What to do
Repeat each record below exactly, dropping the pictures.

Data extracted from a collection:
*** Begin section ***
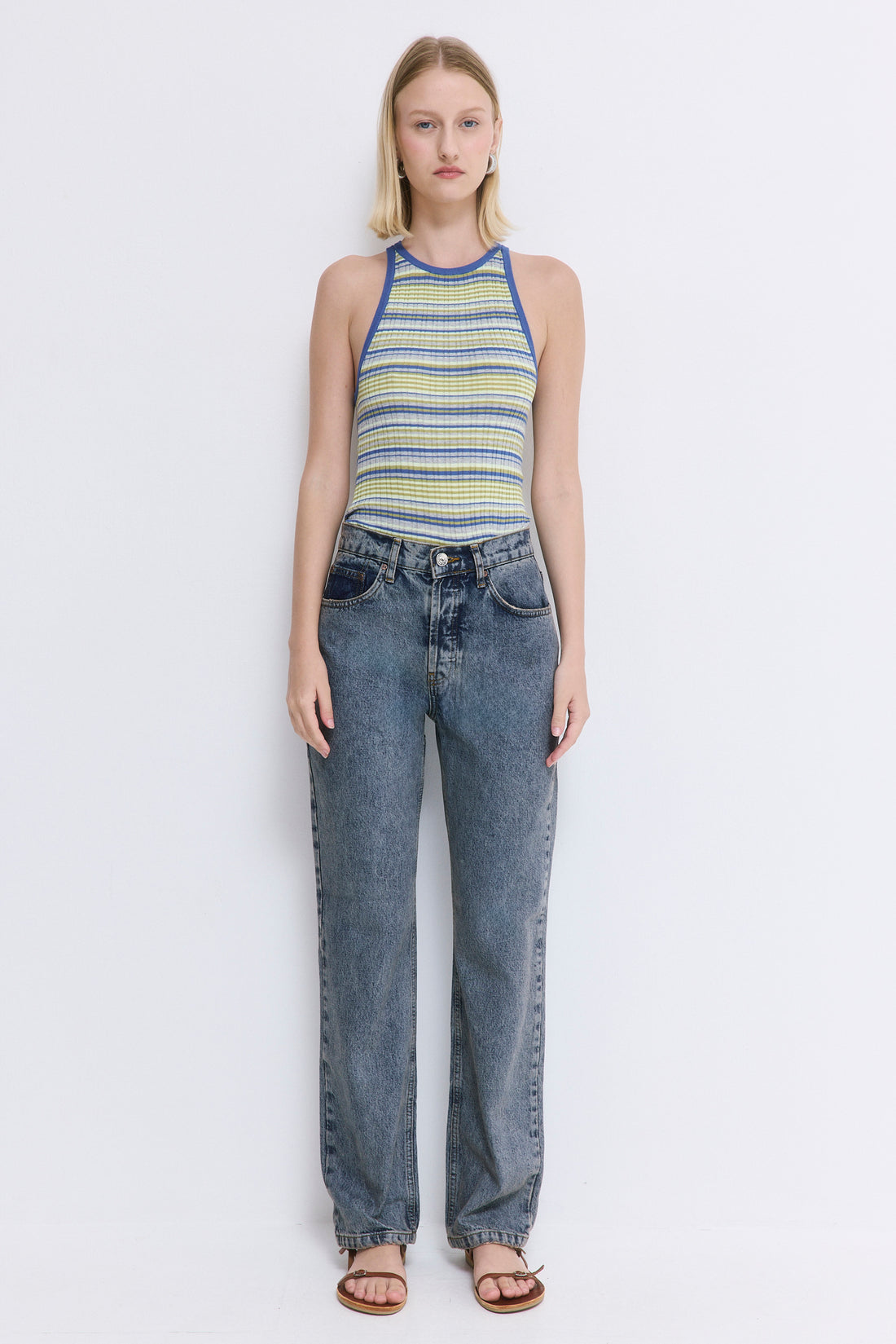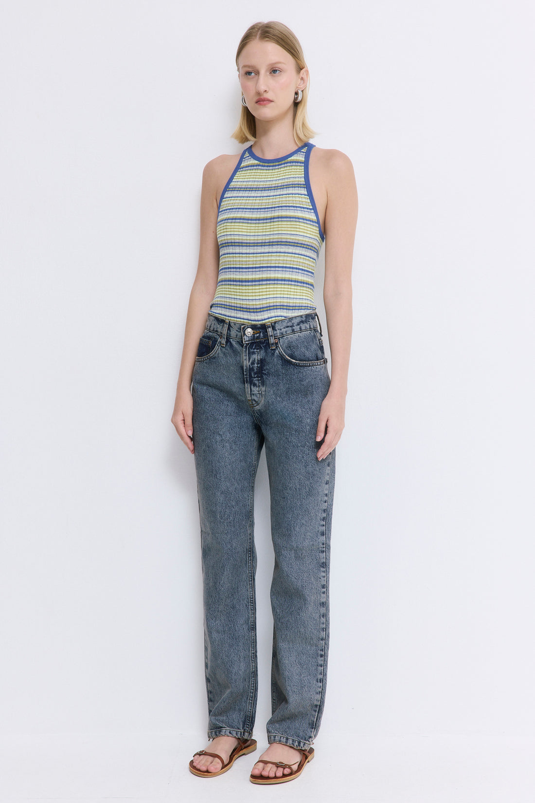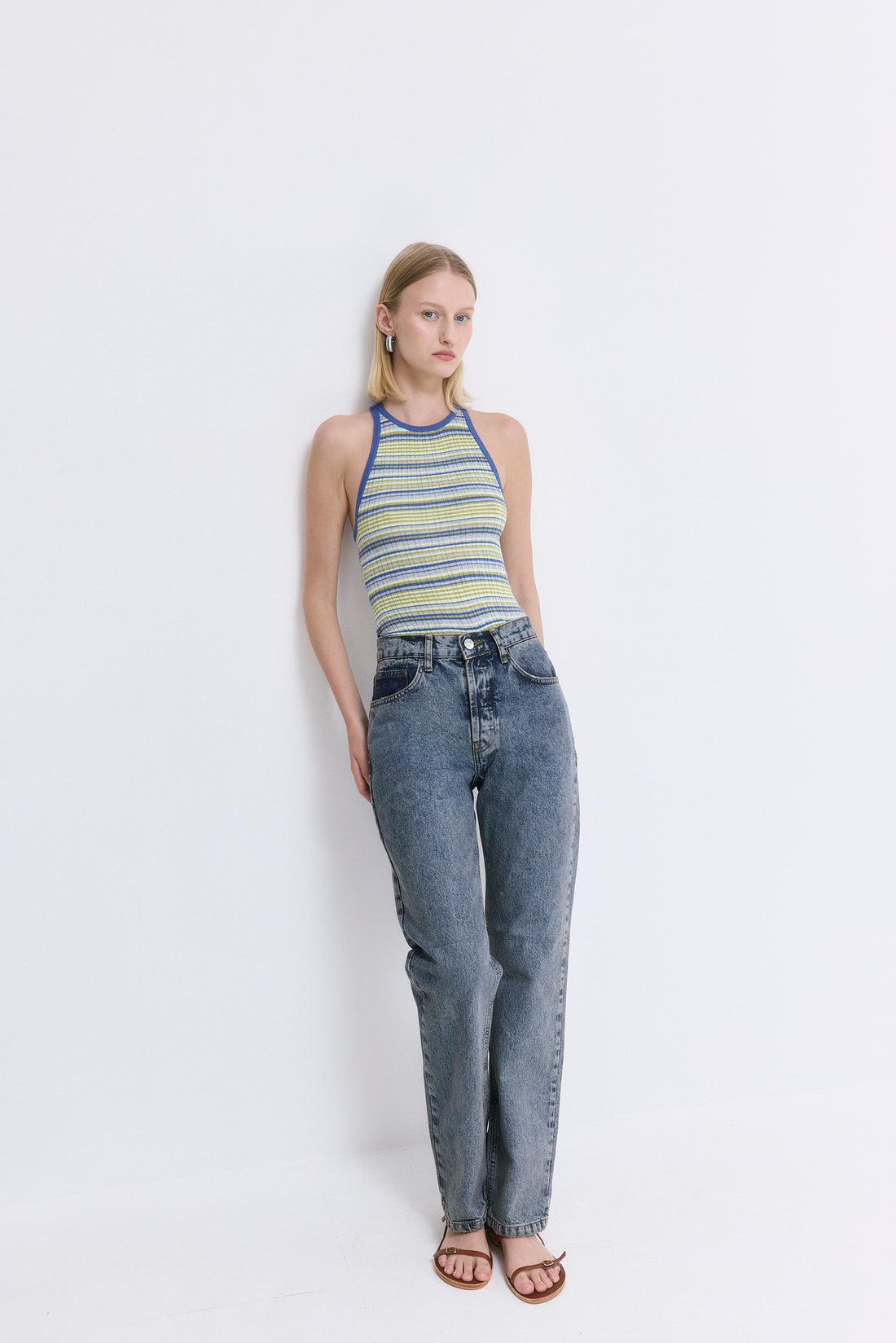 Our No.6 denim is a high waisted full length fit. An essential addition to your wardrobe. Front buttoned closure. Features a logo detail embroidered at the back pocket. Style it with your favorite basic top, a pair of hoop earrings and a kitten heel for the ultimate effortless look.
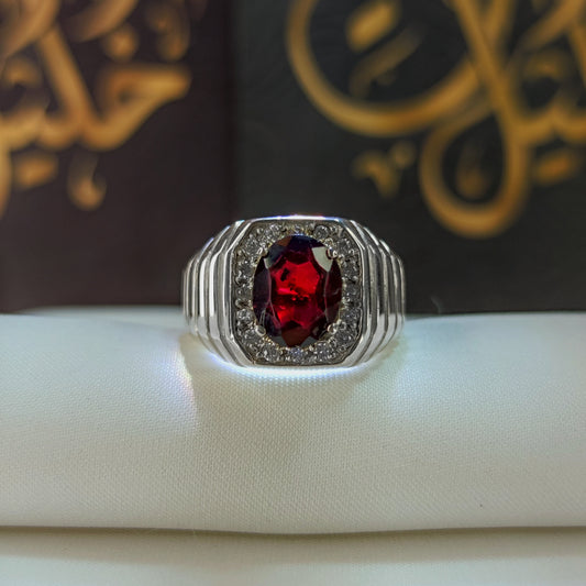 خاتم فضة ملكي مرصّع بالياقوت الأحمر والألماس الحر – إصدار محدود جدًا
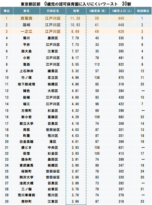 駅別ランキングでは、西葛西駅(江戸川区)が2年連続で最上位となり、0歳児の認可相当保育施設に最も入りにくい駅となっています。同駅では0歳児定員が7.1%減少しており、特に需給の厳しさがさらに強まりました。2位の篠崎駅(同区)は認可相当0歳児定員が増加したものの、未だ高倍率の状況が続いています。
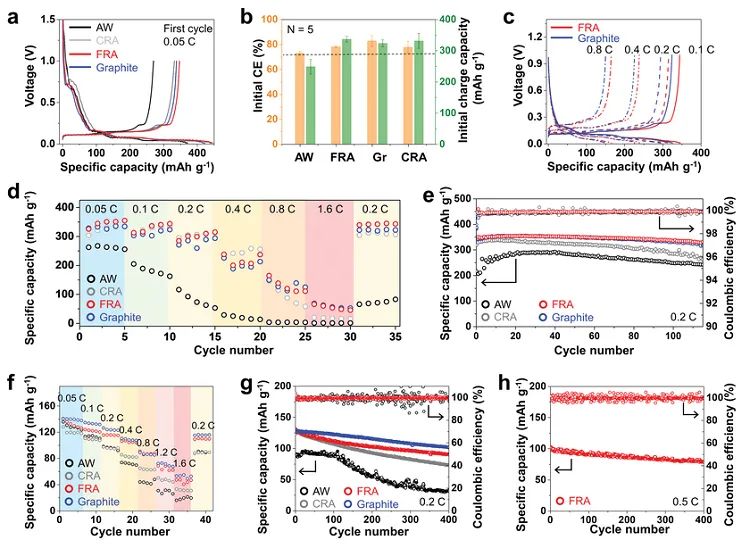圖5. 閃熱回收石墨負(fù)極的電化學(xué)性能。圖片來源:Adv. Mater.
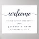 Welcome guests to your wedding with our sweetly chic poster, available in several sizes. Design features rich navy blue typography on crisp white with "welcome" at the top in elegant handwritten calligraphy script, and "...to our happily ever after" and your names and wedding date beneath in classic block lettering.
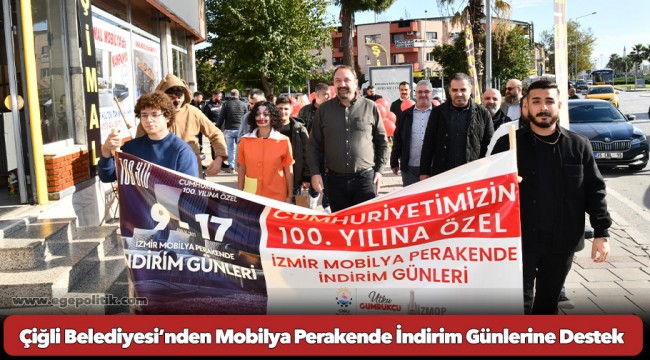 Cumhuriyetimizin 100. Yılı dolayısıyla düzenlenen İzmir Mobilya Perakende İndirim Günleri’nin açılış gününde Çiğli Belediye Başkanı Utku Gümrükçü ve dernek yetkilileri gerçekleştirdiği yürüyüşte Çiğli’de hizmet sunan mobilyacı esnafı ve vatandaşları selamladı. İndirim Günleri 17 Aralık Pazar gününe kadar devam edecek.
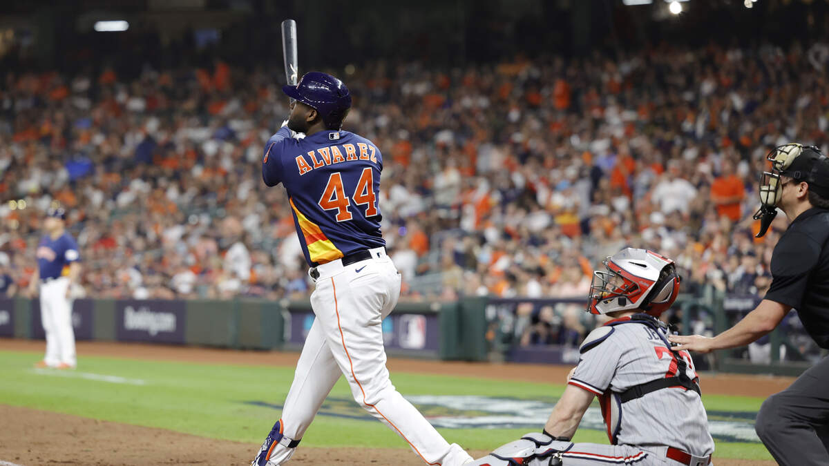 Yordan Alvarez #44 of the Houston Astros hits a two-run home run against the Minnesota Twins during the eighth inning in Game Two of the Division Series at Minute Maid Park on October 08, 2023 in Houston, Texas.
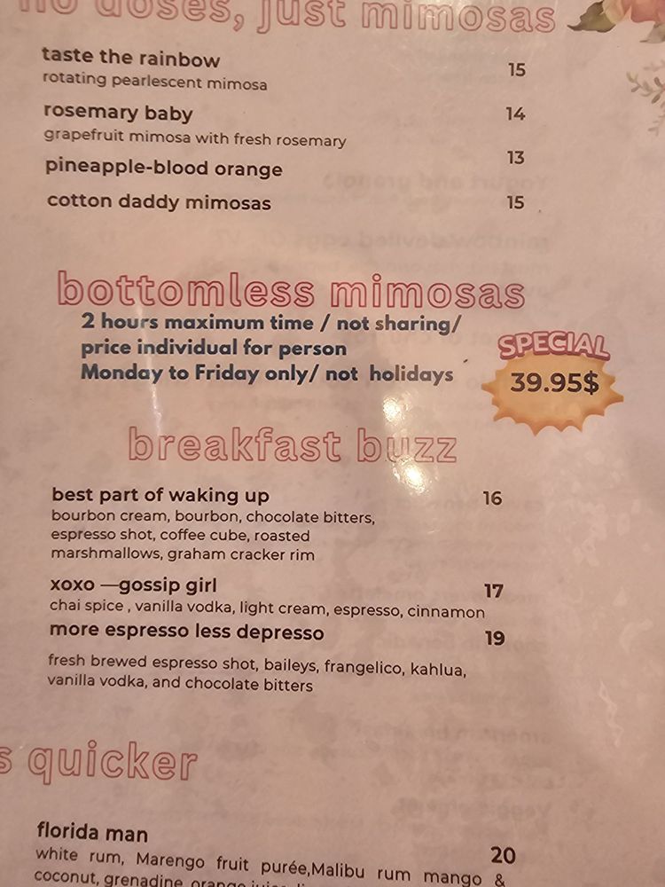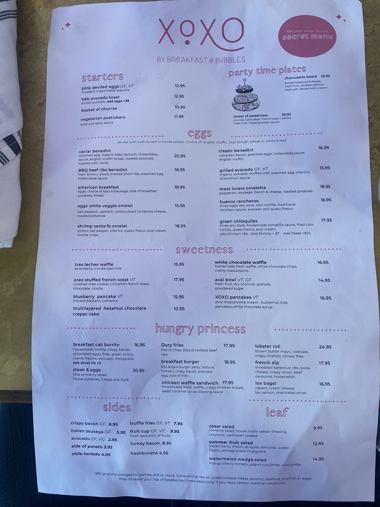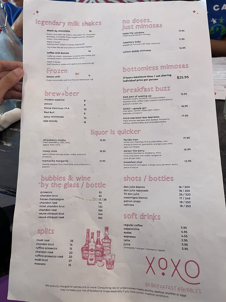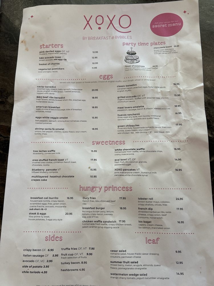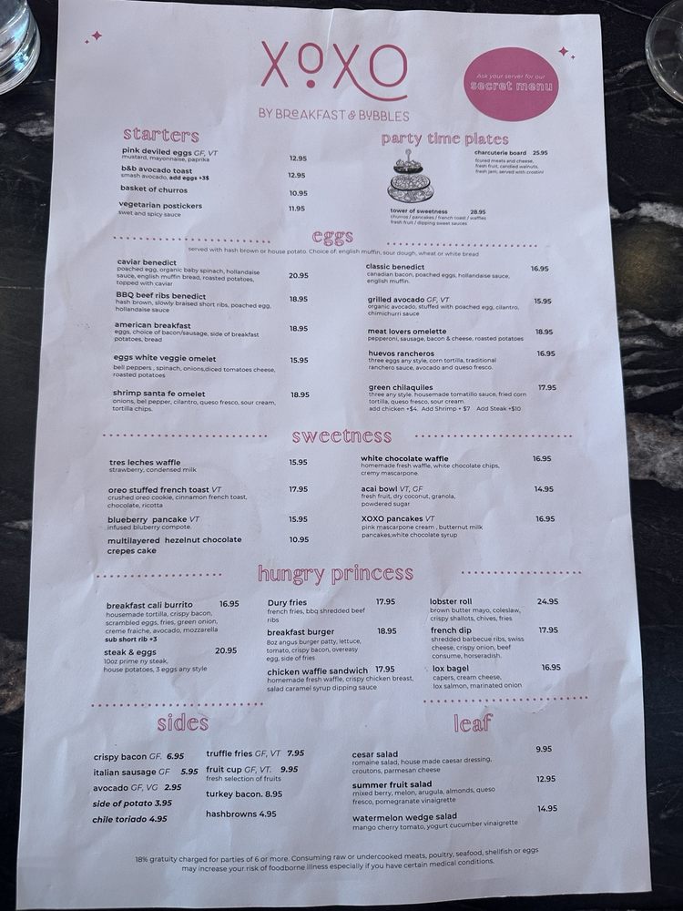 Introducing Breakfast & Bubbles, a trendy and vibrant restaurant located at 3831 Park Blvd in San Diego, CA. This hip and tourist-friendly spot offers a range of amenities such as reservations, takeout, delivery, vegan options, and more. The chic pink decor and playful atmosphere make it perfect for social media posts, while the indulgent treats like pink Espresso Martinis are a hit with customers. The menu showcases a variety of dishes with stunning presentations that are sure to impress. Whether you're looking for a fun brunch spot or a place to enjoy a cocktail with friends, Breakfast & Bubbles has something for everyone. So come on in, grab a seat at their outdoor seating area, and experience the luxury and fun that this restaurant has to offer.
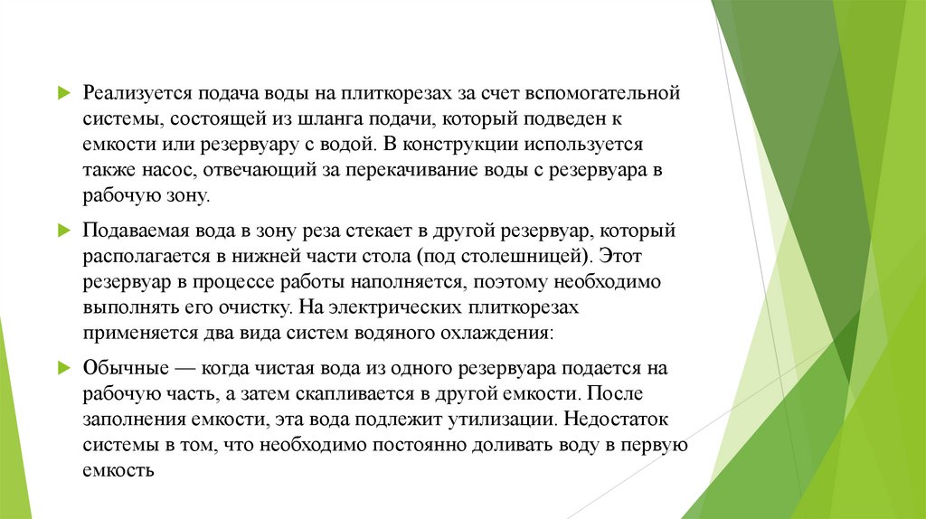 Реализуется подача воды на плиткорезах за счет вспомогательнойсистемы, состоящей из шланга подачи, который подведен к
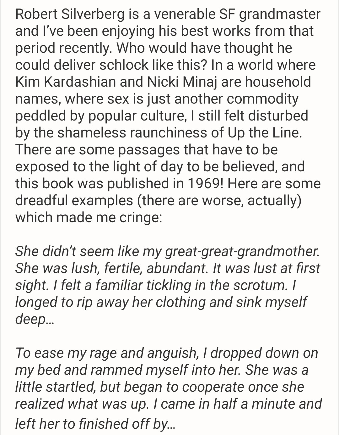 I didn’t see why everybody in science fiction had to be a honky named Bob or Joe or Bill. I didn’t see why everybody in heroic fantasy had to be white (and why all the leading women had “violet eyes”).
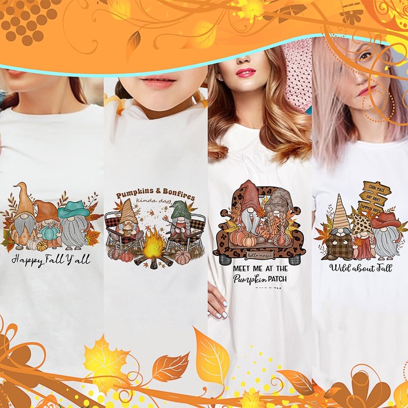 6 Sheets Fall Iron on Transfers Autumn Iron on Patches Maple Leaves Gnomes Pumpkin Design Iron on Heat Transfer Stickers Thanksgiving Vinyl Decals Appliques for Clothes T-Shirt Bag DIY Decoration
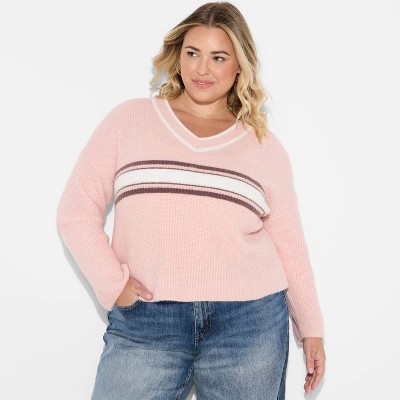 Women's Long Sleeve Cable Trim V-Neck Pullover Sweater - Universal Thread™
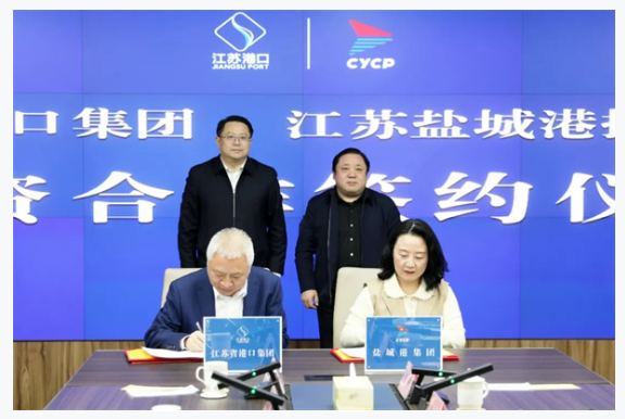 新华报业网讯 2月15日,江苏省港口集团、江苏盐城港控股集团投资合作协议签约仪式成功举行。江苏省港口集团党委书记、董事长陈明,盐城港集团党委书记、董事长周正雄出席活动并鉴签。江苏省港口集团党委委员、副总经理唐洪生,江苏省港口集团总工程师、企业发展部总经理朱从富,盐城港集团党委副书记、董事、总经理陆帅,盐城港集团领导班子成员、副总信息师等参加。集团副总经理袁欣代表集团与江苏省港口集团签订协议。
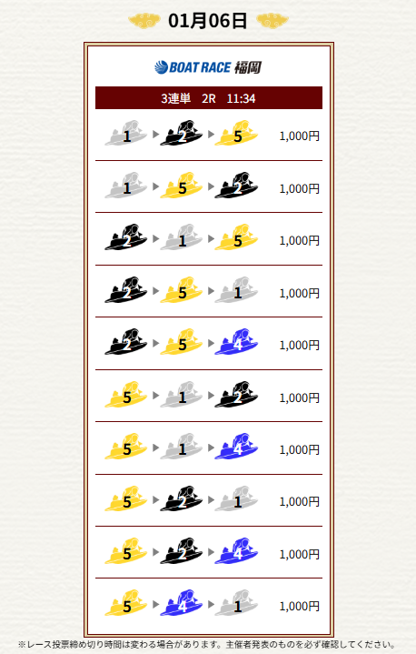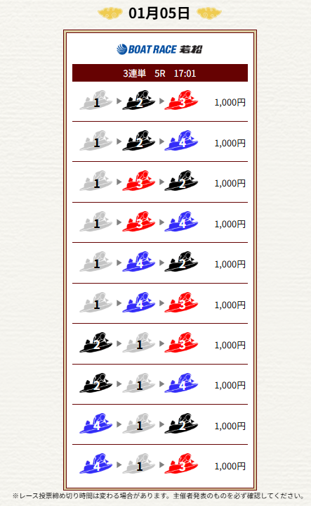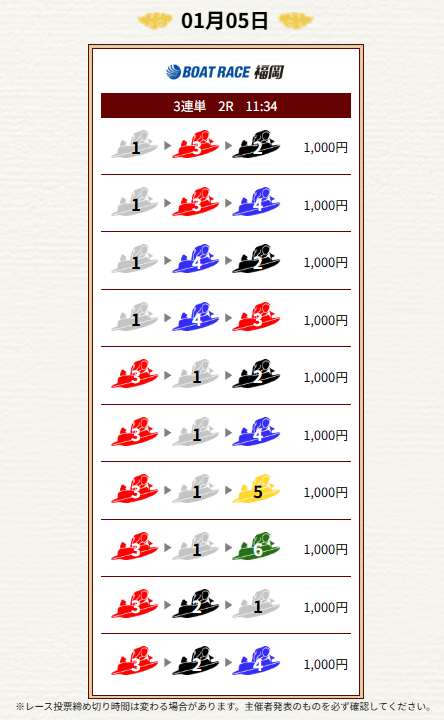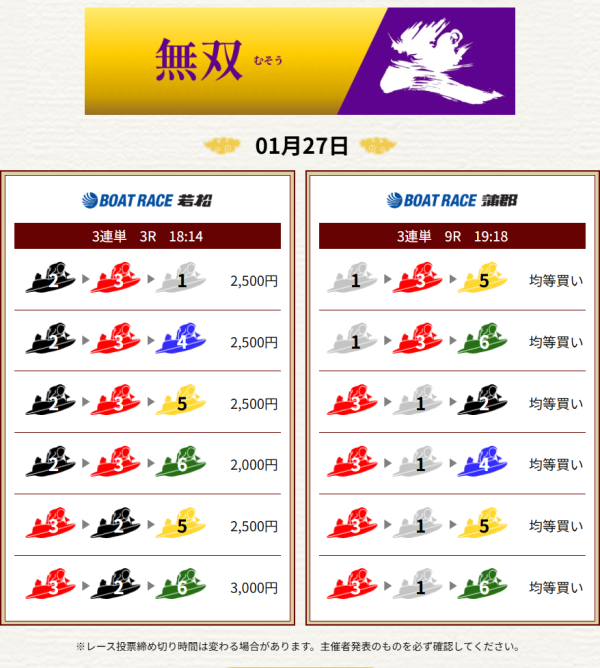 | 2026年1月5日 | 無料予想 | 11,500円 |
*** End section ***
The completed task
 Our No.6 denim is a high waisted full length fit. An essential addition to your wardrobe. Front buttoned closure. Features a logo detail embroidered at the back pocket. Style it with your favorite basic top, a pair of hoop earrings and a kitten heel for the ultimate effortless look.
 خاتم فضة ملكي مرصّع بالياقوت الأحمر والألماس الحر – إصدار محدود جدًا
 駅別ランキングでは、西葛西駅(江戸川区)が2年連続で最上位となり、0歳児の認可相当保育施設に最も入りにくい駅となっています。同駅では0歳児定員が7.1%減少しており、特に需給の厳しさがさらに強まりました。2位の篠崎駅(同区)は認可相当0歳児定員が増加したものの、未だ高倍率の状況が続いています。
圖5. 閃熱回收石墨負(fù)極的電化學(xué)性能。圖片來源:Adv. Mater.
 Welcome guests to your wedding with our sweetly chic poster, available in several sizes. Design features rich navy blue typography on crisp white with "welcome" at the top in elegant handwritten calligraphy script, and "...to our happily ever after" and your names and wedding date beneath in classic block lettering.
 Cumhuriyetimizin 100. Yılı dolayısıyla düzenlenen İzmir Mobilya Perakende İndirim Günleri’nin açılış gününde Çiğli Belediye Başkanı Utku Gümrükçü ve dernek yetkilileri gerçekleştirdiği yürüyüşte Çiğli’de hizmet sunan mobilyacı esnafı ve vatandaşları selamladı. İndirim Günleri 17 Aralık Pazar gününe kadar devam edecek.
 Yordan Alvarez #44 of the Houston Astros hits a two-run home run against the Minnesota Twins during the eighth inning in Game Two of the Division Series at Minute Maid Park on October 08, 2023 in Houston, Texas.
 Introducing Breakfast & Bubbles, a trendy and vibrant restaurant located at 3831 Park Blvd in San Diego, CA. This hip and tourist-friendly spot offers a range of amenities such as reservations, takeout, delivery, vegan options, and more. The chic pink decor and playful atmosphere make it perfect for social media posts, while the indulgent treats like pink Espresso Martinis are a hit with customers. The menu showcases a variety of dishes with stunning presentations that are sure to impress. Whether you're looking for a fun brunch spot or a place to enjoy a cocktail with friends, Breakfast & Bubbles has something for everyone. So come on in, grab a seat at their outdoor seating area, and experience the luxury and fun that this restaurant has to offer.
 Реализуется подача воды на плиткорезах за счет вспомогательнойсистемы, состоящей из шланга подачи, который подведен к
 I didn’t see why everybody in science fiction had to be a honky named Bob or Joe or Bill. I didn’t see why everybody in heroic fantasy had to be white (and why all the leading women had “violet eyes”).
 6 Sheets Fall Iron on Transfers Autumn Iron on Patches Maple Leaves Gnomes Pumpkin Design Iron on Heat Transfer Stickers Thanksgiving Vinyl Decals Appliques for Clothes T-Shirt Bag DIY Decoration
 Women's Long Sleeve Cable Trim V-Neck Pullover Sweater - Universal Thread™
 新华报业网讯 2月15日,江苏省港口集团、江苏盐城港控股集团投资合作协议签约仪式成功举行。江苏省港口集团党委书记、董事长陈明,盐城港集团党委书记、董事长周正雄出席活动并鉴签。江苏省港口集团党委委员、副总经理唐洪生,江苏省港口集团总工程师、企业发展部总经理朱从富,盐城港集团党委副书记、董事、总经理陆帅,盐城港集团领导班子成员、副总信息师等参加。集团副总经理袁欣代表集团与江苏省港口集团签订协议。
 | 2026年1月5日 | 無料予想 | 11,500円 |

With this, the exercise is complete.